WORK REQUEST:
What you return should be only the lines in the entries below between the one holding "Our Gray Shaker" and the one holding "金沙9001cc以诚为本首页", ends included, with every picture left out.

AVAILABLE DATA:
⟨

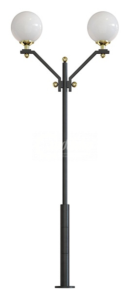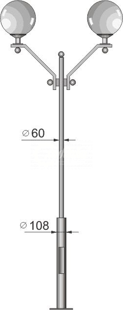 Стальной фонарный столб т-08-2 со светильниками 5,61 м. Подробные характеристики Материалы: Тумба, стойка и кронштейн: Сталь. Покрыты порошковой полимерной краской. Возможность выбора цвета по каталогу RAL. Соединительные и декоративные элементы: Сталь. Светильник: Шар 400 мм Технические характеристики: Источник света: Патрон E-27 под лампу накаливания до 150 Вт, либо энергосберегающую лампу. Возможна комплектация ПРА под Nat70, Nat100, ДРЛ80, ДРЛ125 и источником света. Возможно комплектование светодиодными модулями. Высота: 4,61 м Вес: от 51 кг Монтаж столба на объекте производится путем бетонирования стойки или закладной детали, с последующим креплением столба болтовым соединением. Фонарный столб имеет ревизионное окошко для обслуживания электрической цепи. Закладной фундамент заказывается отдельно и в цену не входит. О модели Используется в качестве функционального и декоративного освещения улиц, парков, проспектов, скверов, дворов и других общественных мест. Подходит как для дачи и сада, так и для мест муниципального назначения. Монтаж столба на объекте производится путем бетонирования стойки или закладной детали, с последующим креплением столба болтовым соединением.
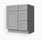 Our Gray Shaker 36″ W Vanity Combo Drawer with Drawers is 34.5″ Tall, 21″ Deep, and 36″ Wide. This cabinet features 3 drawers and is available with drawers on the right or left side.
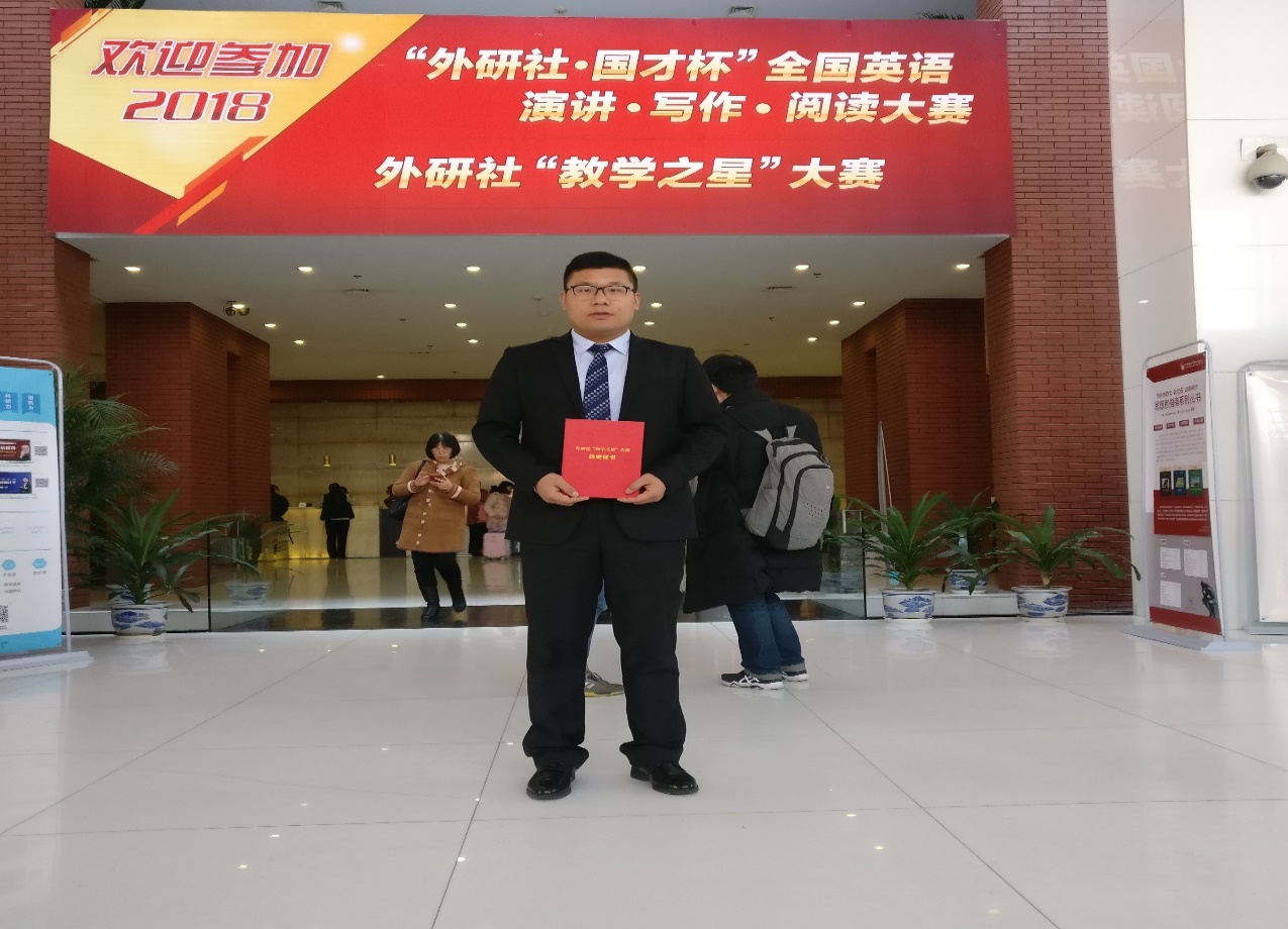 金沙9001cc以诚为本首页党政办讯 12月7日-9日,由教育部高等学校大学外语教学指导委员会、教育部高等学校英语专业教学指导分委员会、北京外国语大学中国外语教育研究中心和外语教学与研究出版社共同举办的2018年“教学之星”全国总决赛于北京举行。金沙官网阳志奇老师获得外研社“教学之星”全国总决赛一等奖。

⟩
⟨

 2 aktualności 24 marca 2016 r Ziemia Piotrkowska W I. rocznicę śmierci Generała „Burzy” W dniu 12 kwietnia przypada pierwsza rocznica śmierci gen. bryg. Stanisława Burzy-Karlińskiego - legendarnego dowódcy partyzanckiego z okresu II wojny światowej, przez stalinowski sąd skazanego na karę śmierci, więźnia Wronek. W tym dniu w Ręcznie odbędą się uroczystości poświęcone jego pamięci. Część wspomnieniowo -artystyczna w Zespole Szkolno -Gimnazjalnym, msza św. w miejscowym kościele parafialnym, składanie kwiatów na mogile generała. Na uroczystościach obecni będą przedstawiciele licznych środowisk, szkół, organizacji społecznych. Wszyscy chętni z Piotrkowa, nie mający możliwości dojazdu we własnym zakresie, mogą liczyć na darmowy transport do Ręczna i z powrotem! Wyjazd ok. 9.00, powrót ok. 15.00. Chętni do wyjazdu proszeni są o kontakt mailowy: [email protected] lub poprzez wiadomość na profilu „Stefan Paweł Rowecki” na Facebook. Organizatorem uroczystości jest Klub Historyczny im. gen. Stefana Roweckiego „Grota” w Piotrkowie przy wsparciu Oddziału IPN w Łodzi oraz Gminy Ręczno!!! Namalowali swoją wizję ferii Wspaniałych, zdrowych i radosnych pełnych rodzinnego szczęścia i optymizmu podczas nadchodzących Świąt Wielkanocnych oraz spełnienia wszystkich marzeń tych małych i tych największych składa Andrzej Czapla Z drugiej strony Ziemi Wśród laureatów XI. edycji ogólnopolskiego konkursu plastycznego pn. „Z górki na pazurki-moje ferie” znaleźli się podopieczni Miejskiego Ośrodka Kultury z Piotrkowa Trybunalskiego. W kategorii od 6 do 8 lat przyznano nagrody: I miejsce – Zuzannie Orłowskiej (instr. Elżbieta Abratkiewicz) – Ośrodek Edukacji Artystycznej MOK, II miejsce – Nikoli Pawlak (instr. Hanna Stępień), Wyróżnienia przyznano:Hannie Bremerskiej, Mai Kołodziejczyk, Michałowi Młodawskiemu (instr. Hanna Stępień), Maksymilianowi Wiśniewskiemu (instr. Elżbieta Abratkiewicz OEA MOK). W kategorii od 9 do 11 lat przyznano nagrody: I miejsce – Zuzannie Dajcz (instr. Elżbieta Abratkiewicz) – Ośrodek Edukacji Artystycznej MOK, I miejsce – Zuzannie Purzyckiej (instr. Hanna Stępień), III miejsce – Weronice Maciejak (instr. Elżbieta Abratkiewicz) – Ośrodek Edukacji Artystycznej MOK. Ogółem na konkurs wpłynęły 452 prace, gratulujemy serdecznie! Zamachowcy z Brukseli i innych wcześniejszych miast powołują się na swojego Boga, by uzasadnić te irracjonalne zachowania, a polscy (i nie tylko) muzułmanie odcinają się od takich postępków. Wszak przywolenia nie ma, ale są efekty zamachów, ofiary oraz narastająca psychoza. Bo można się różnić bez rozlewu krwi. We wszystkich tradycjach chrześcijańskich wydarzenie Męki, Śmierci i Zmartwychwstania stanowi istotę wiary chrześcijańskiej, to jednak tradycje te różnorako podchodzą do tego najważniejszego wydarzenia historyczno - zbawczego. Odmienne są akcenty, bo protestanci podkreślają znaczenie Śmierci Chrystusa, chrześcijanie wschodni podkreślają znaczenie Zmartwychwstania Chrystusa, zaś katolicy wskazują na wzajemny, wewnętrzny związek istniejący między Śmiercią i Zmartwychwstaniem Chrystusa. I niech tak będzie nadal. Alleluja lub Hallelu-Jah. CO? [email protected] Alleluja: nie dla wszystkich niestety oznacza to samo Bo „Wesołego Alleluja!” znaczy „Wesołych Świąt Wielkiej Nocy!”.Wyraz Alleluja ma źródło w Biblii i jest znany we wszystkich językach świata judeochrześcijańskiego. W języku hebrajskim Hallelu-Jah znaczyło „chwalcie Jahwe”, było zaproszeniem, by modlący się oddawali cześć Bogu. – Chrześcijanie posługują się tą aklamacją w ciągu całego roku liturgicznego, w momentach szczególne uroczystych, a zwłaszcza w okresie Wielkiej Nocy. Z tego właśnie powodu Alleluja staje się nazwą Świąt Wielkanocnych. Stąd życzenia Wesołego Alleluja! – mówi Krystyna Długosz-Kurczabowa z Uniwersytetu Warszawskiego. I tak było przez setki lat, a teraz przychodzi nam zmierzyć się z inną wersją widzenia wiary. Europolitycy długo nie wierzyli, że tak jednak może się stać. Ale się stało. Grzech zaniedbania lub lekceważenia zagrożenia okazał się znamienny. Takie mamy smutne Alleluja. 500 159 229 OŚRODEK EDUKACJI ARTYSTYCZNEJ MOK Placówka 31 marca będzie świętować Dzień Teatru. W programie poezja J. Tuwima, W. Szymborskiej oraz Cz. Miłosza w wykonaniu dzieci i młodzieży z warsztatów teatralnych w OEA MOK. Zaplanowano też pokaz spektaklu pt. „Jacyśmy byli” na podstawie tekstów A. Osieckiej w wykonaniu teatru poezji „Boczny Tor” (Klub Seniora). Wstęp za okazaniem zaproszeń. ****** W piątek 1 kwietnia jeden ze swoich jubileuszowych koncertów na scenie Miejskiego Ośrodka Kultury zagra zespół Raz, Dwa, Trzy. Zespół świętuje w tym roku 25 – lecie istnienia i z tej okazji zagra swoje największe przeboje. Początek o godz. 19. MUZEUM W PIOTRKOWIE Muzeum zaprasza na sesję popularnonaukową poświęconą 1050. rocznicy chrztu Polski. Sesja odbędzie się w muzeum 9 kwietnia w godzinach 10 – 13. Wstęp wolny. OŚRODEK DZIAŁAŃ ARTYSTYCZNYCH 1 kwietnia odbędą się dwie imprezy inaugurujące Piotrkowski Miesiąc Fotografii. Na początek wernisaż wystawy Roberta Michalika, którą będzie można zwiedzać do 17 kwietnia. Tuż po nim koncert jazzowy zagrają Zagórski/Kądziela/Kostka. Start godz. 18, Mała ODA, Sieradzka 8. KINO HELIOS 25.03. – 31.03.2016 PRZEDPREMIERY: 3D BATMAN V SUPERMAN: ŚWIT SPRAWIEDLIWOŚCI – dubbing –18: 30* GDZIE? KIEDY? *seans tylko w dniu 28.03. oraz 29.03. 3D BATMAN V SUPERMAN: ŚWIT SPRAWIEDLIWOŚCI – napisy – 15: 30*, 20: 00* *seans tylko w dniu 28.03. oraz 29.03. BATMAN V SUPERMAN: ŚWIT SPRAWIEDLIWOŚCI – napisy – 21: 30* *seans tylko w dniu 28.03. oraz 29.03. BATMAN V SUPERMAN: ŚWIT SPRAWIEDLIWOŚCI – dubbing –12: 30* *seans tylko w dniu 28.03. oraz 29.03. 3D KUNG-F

⟩

ANSWER TO THE EXERCISE:
 Our Gray Shaker 36″ W Vanity Combo Drawer with Drawers is 34.5″ Tall, 21″ Deep, and 36″ Wide. This cabinet features 3 drawers and is available with drawers on the right or left side.
 金沙9001cc以诚为本首页党政办讯 12月7日-9日,由教育部高等学校大学外语教学指导委员会、教育部高等学校英语专业教学指导分委员会、北京外国语大学中国外语教育研究中心和外语教学与研究出版社共同举办的2018年“教学之星”全国总决赛于北京举行。金沙官网阳志奇老师获得外研社“教学之星”全国总决赛一等奖。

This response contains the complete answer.